→ Your goal
Line by line, output everything from the one that contains "Sac shopping Prada" through the end of the material below, exactly as written and with no pictures.

→ Data section
-.-.-
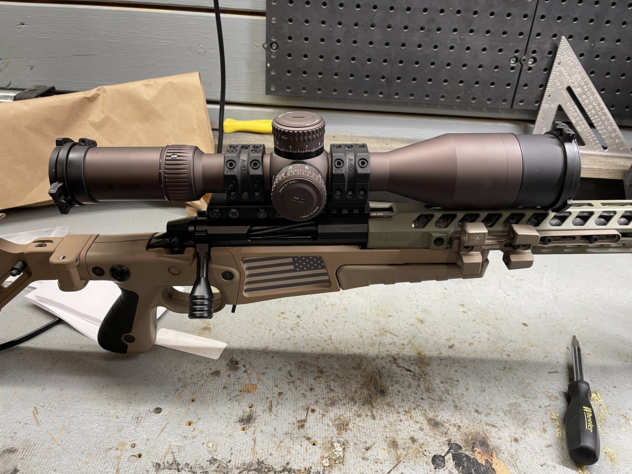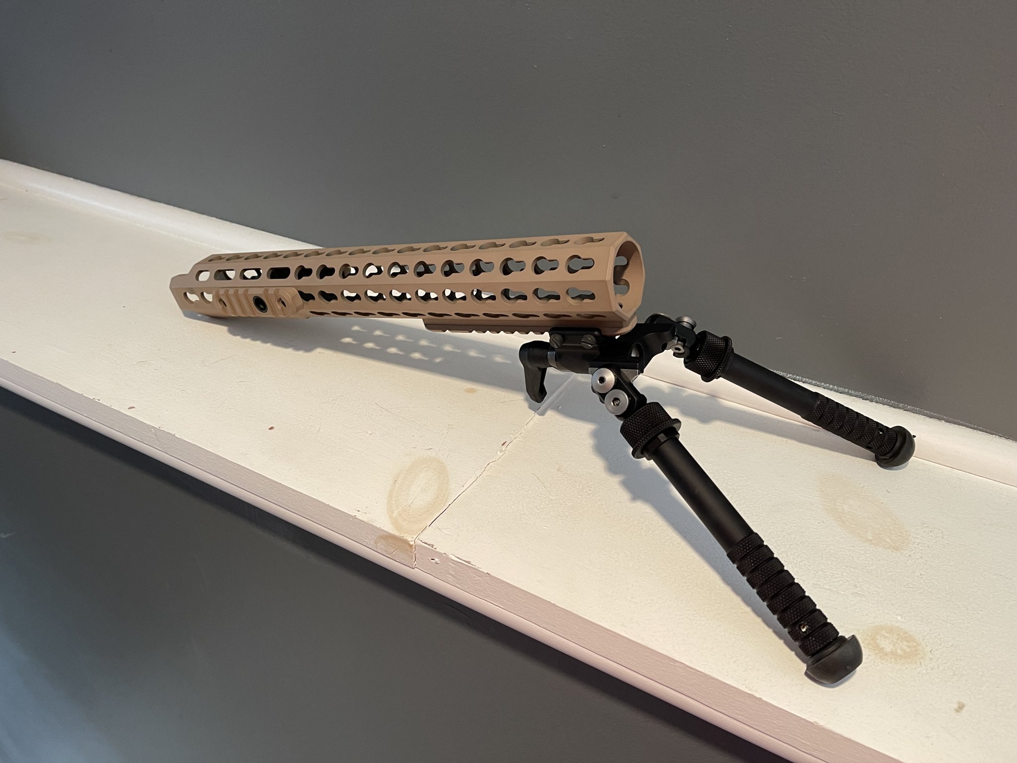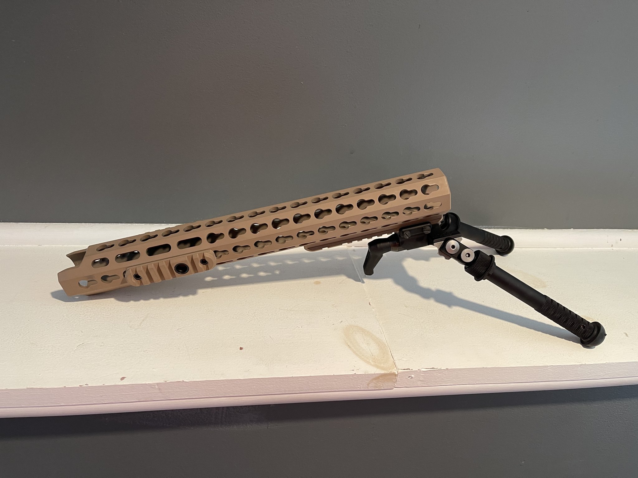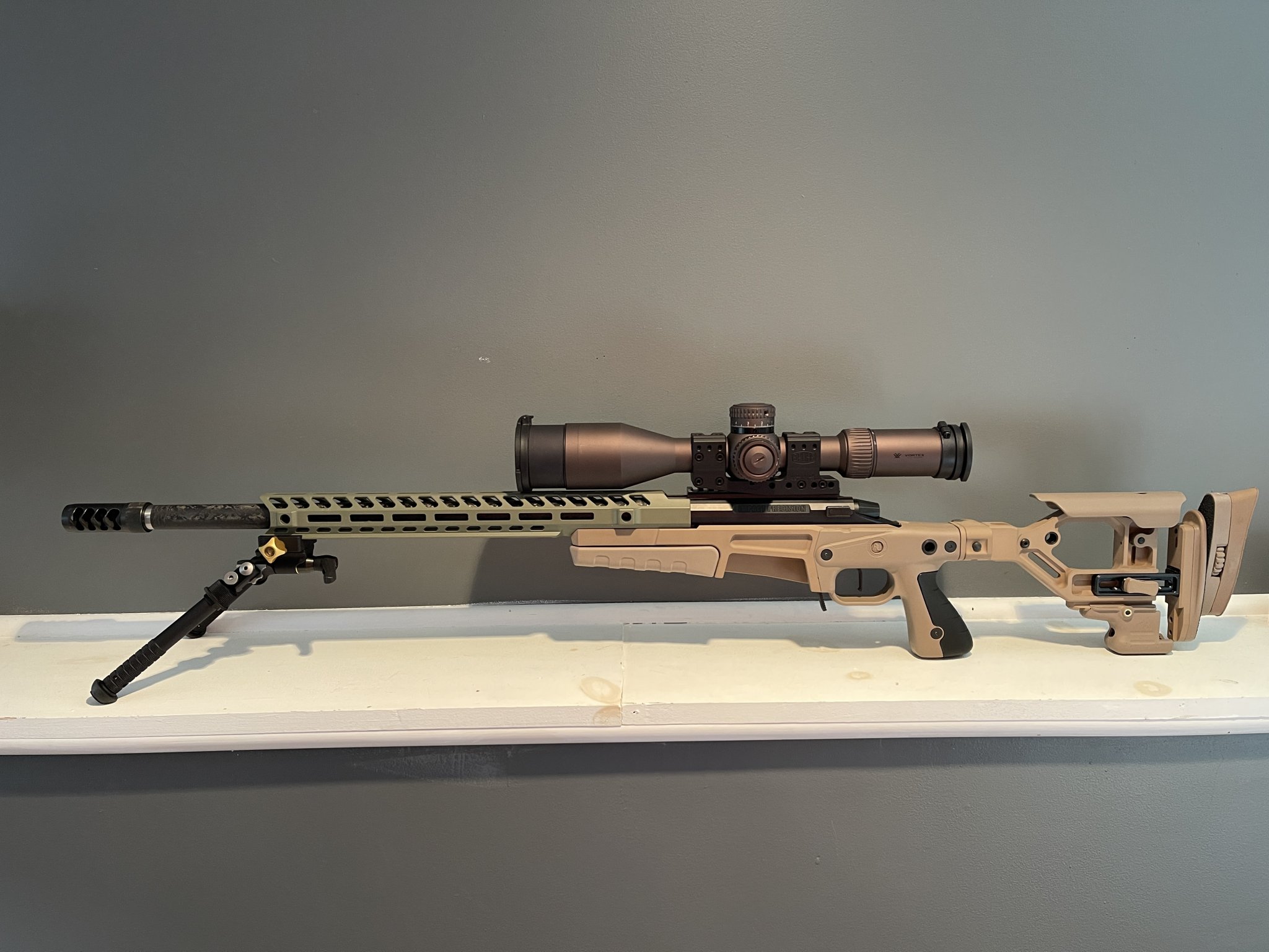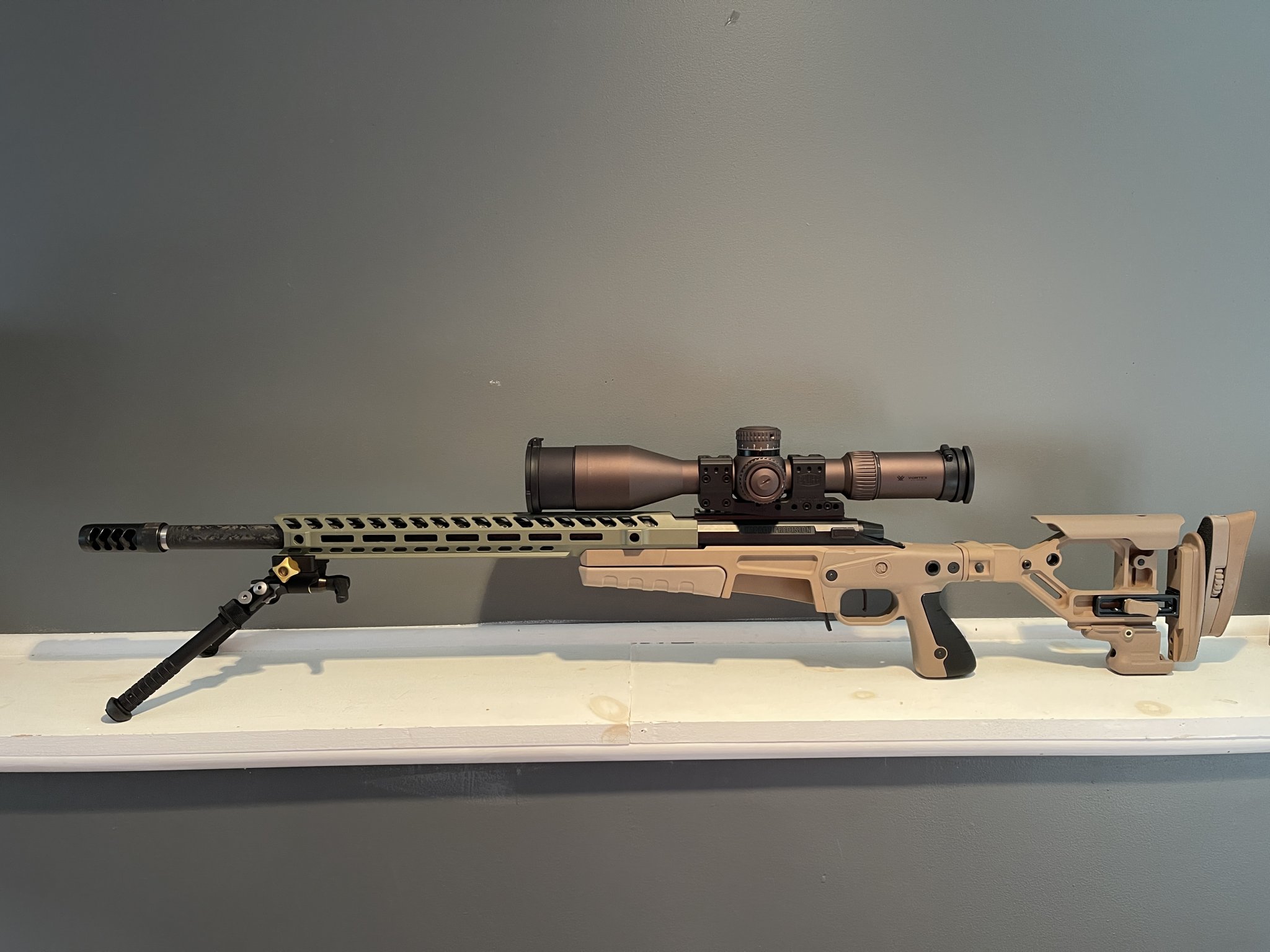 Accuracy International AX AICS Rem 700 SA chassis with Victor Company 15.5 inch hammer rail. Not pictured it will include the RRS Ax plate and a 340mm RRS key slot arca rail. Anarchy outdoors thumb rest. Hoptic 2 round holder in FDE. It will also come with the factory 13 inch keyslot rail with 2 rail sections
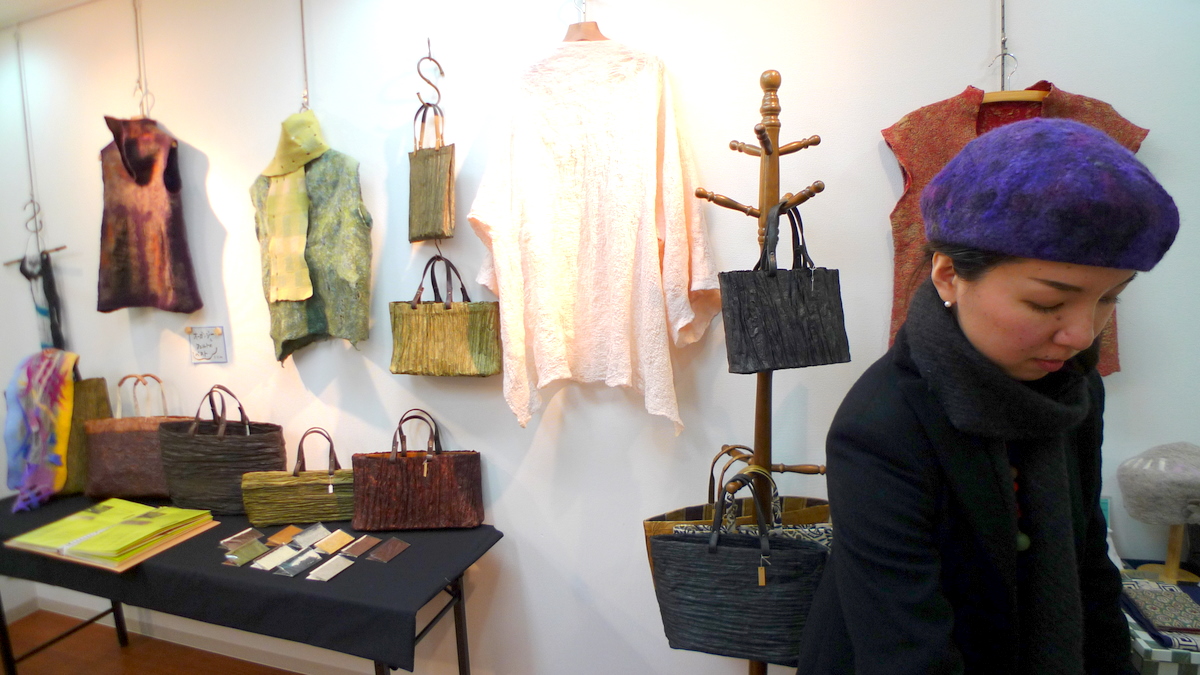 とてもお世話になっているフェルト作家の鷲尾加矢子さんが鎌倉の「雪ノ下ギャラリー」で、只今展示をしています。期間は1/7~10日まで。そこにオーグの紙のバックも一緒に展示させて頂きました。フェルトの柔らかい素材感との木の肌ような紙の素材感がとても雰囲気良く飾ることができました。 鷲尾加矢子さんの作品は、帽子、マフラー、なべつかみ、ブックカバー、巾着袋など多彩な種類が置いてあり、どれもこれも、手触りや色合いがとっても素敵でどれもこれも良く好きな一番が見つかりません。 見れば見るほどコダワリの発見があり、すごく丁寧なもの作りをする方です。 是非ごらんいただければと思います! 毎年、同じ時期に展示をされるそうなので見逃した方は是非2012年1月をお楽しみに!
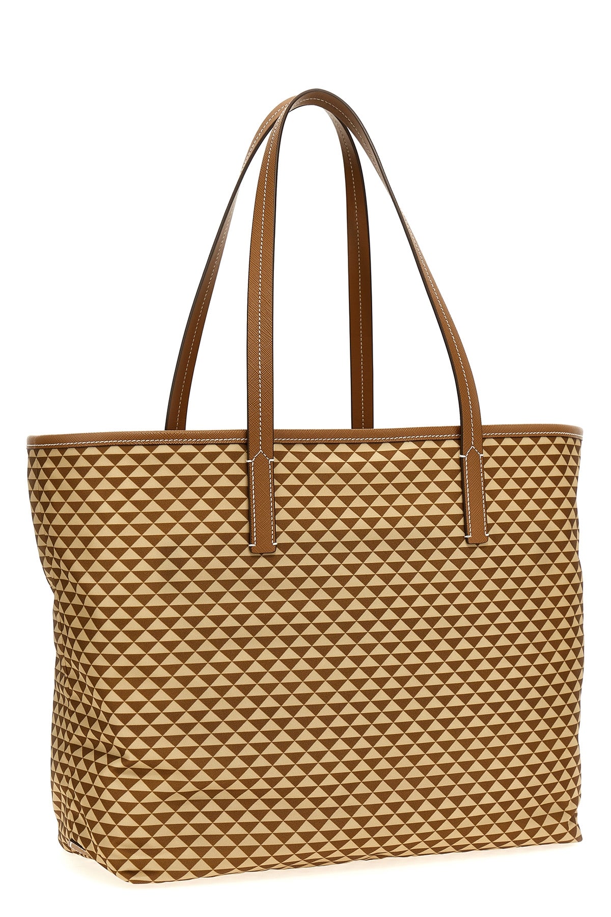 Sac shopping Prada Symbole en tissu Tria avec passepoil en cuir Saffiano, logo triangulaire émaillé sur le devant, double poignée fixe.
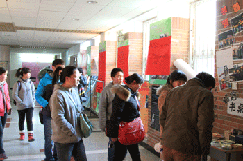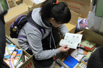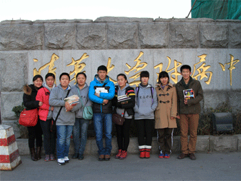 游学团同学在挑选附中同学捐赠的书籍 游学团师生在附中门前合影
-.-.-
→ Written answer
 Sac shopping Prada Symbole en tissu Tria avec passepoil en cuir Saffiano, logo triangulaire émaillé sur le devant, double poignée fixe.
 游学团同学在挑选附中同学捐赠的书籍 游学团师生在附中门前合影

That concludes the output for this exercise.